▶ Activity
Output the full listing below exactly, without the pictures.

▶ Given data
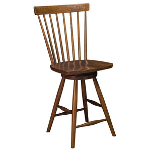 Amish Cordona Windsor Solid Wood Swivel Bar Stool - The Amish Cordona Solid Wood Swivel Bar Stool is handmade in Pennsylvania USA. Available in Oak, Cherry, and Maple this smaller form traditional dining bar stool has been a sure fire hit. Price is for one chair, you can select quantity after you add to cart. Available in 24" Counter Height or 30" Bar Height. Amish Hand
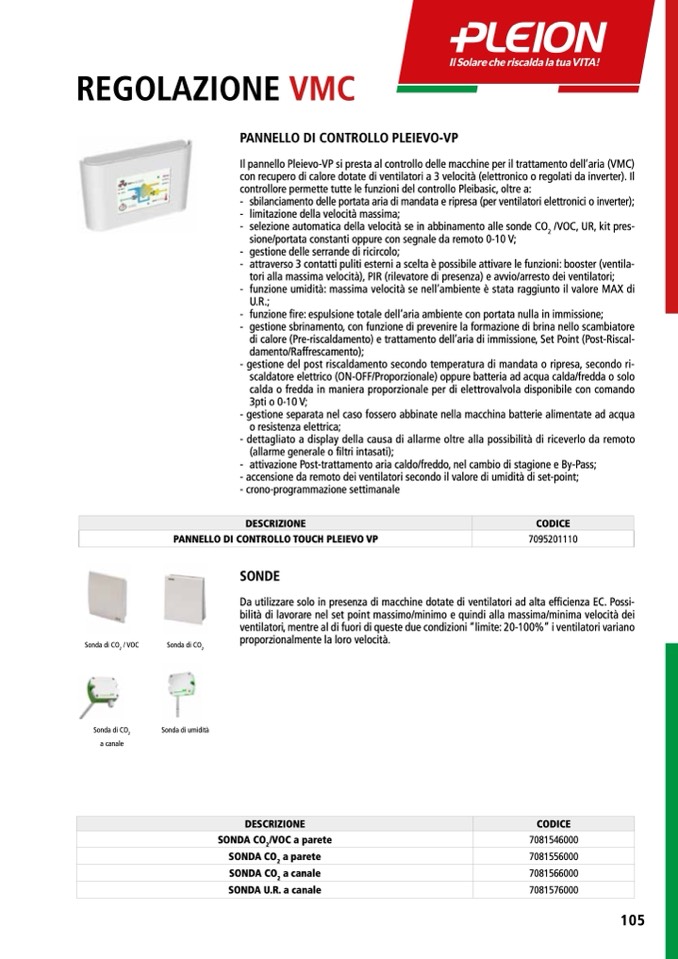 PANNELLO DI CONTROLLO TOUCH PLEIEVO VP
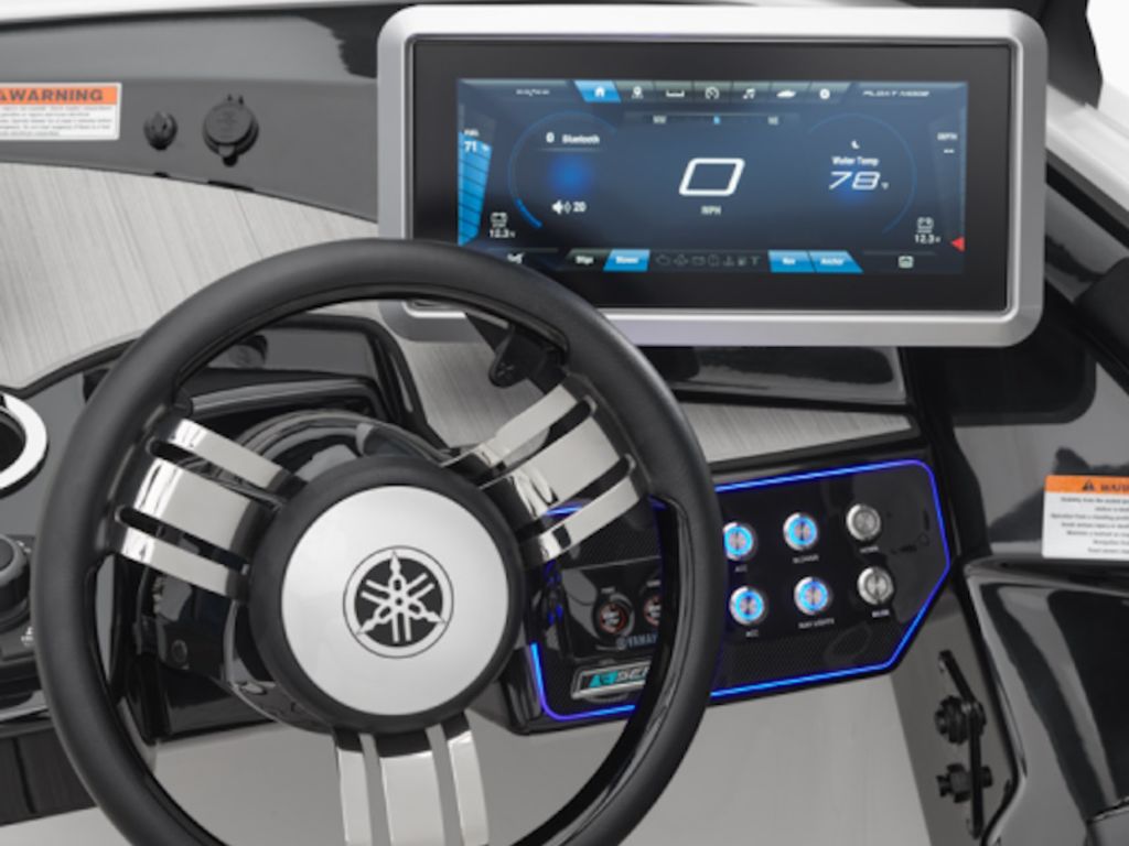 - Wireless charging, 6 marine speakers, and stern stereo remote

▶ Answer to this task
 Amish Cordona Windsor Solid Wood Swivel Bar Stool - The Amish Cordona Solid Wood Swivel Bar Stool is handmade in Pennsylvania USA. Available in Oak, Cherry, and Maple this smaller form traditional dining bar stool has been a sure fire hit. Price is for one chair, you can select quantity after you add to cart. Available in 24" Counter Height or 30" Bar Height. Amish Hand
 PANNELLO DI CONTROLLO TOUCH PLEIEVO VP
 - Wireless charging, 6 marine speakers, and stern stereo remote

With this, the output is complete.